Wednesday, February 24, 2010

Gettin' Ready

Climbing into bed to wind down later than anticipated, I at least feel accomplished, as I am all packed to leave for Port Townsend, WA on Friday morning for eight days of artistic over-stimulation. As I think I have mentioned before, I am enrolled in the MFA program for Interdisciplinary Arts at Goddard College, a low-residency program for working artists. This coming semester will be my second of five, and I can honestly say, given the prodigious amount of work I produced last semester, I have no idea where to begin my studies this semester. I almost have too many options...how often does one get to say that?!

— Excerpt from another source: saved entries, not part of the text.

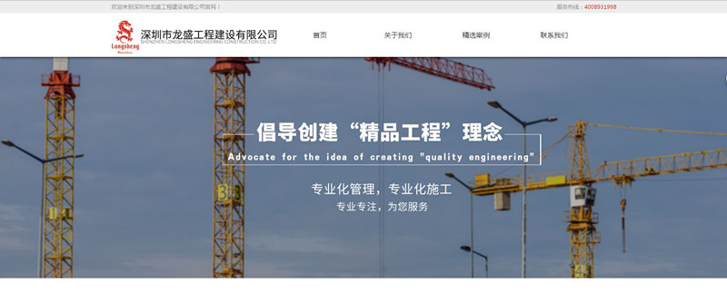 非常深圳市龙盛工程建设有限公司对合优公司的信任和支持,把企业的官网网站制作交给合优网站建设公司,合优定不负使命,发挥网站制作方面的优势,用“诚信,责任,团队,敬业”的服务宗旨和态度完成这次的合作。
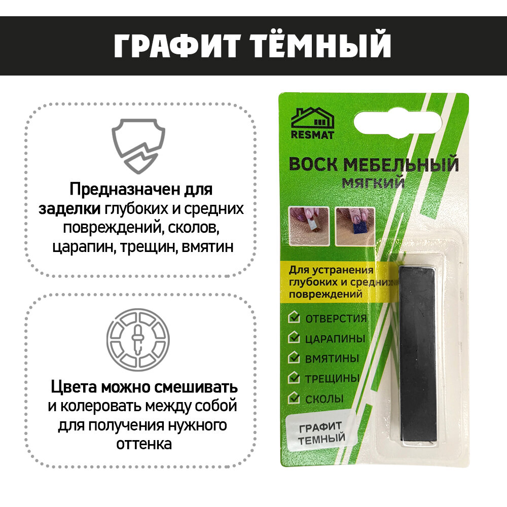 Воск мягкий для реставрации мебели и напольного покрытия/ 1 шт/ цвет - Графит Темный информация:
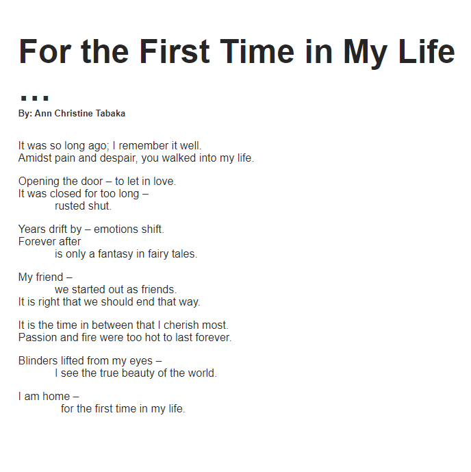 I am thrilled to have my poem “For the First Time in My Life” published by The World of Myth. Thank you, editors David K. Montoya and Stephanie J. Bardy!
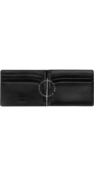 附鈔票夾6卡式皮夾,黑色歐洲全粒面牛皮具有萬寶龍深邃亮澤,提花襯裡飾有萬寶龍品牌字樣,萬寶龍標誌飾以鍍鈀圓環,設有6個信用卡隔層及鈔票夾。
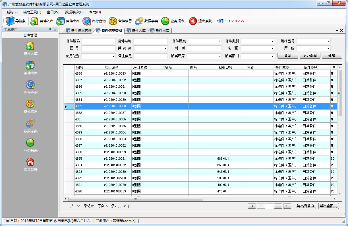備件倉庫管理系統,是一款界面友好,方便易用的倉庫管理系統,集備件信息管理、備件入庫、備件出庫、庫存查詢、庫房管理、業務報表、權限管理、數據字典管理、備件及庫存導入等功能于一體。
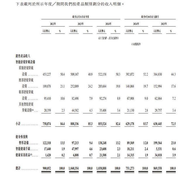 SKG未来健康新品扩张则更明显体现在健身恢复与塑形设备上,其招股书数据显示,该品类收入占比由13.5%波动至23.0%。
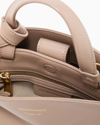 Mini bag made of luxury smooth leather. An iconic new line that embodies the essential nature and clean lines typical of the Armani aesthetic, while remaining perfectly in tune with current trends. Designed for everyday use, it stands out for its exceptional functionality: multiple internal pockets and a sculpted handle make it practical and comfortable to carry. Its distinctive feature is a new logo design: an all-over pattern of three-dimensional eagles with an antique finish, offering a sophisticated reinterpretation of the brand’s iconic symbol. Measurements: 23 x 22.5 x 6 cm Leather Smooth finish Zip closure Single handle Silkscreen logo Product Code: EW003830AF22783U6076

One of my options includes my continued study of the art of storytelling. I have explored this medium physically, on film, in writing and in its traditional form; orally. I could work to expand my historical understanding of this art form, and how it applies to me culturally, as an African American. And I could continue to explore various ways to present storytelling in contemporary art practices.

Another option is to focus on my physical practice. I have talked before about my solitary dance studio practice, which has been evolving over the past few years. I only realize now, that perhaps I could work towards sharing some of these practices, and their subsequent discoveries with other movers and "non-movers." I have been working with the concept of micro-movement, which was at first, in response to a series of small injuries. I wanted to know why I was hurting, and what habits I had fallen into to create the pain. Through micro-movement, I successfully relieved the consistent pain in my left hip. And just today, I finally found out how to stack my bones in a way that makes the use of my abdominal muscles more efficient. I have also been working with breath...movement initiated and informed by breath, and stamina marked by efficient breathing. Athletes are of course taught how to do this, but for some reason, very few dance teachers talk about efficient use of breath. Lastly, I have been working with impulse and what I like to call, "Unadulterated Groove Time," as a legitimate part of an integrated technical dance practice.

Yet another option for study is further exploration into aspects of producing and directing films, both narrative and documentary. I have made one of each this past semester, and plan to start at least one more this semester. I feel like this past semester's work has been great practice for what is to come next. I made some awesome mistakes, technically, but also made some wonderful discoveries and some lovely aesthetic choices in my projects.

Lastly, I have my writing. I have been writing a lot of poetry over the past few months, but only now as I look back at the collection I have written, do I see a pattern emerging. My soul wants to write about childhood. I think I want to continue with this, and see what emerges from a whole collection of poetry based on the premise of childhood experiences, memories and wonderings. I want to see how the concept of childhood has worked its way into my performance work and film work. I have always considered myself to be a whimiscal person, as do many of my friends and family, and perhaps my tendency to look at the world and my art with a slightly child-like view is what makes my work unique.

Perhaps, if I can be clever, I can continue all of these explorations and be one step closer to having a truly interdisciplinary art practice which yields diverse repertoire, accessible to many.

It is late. I have to teach tomorrow morning. Lights out!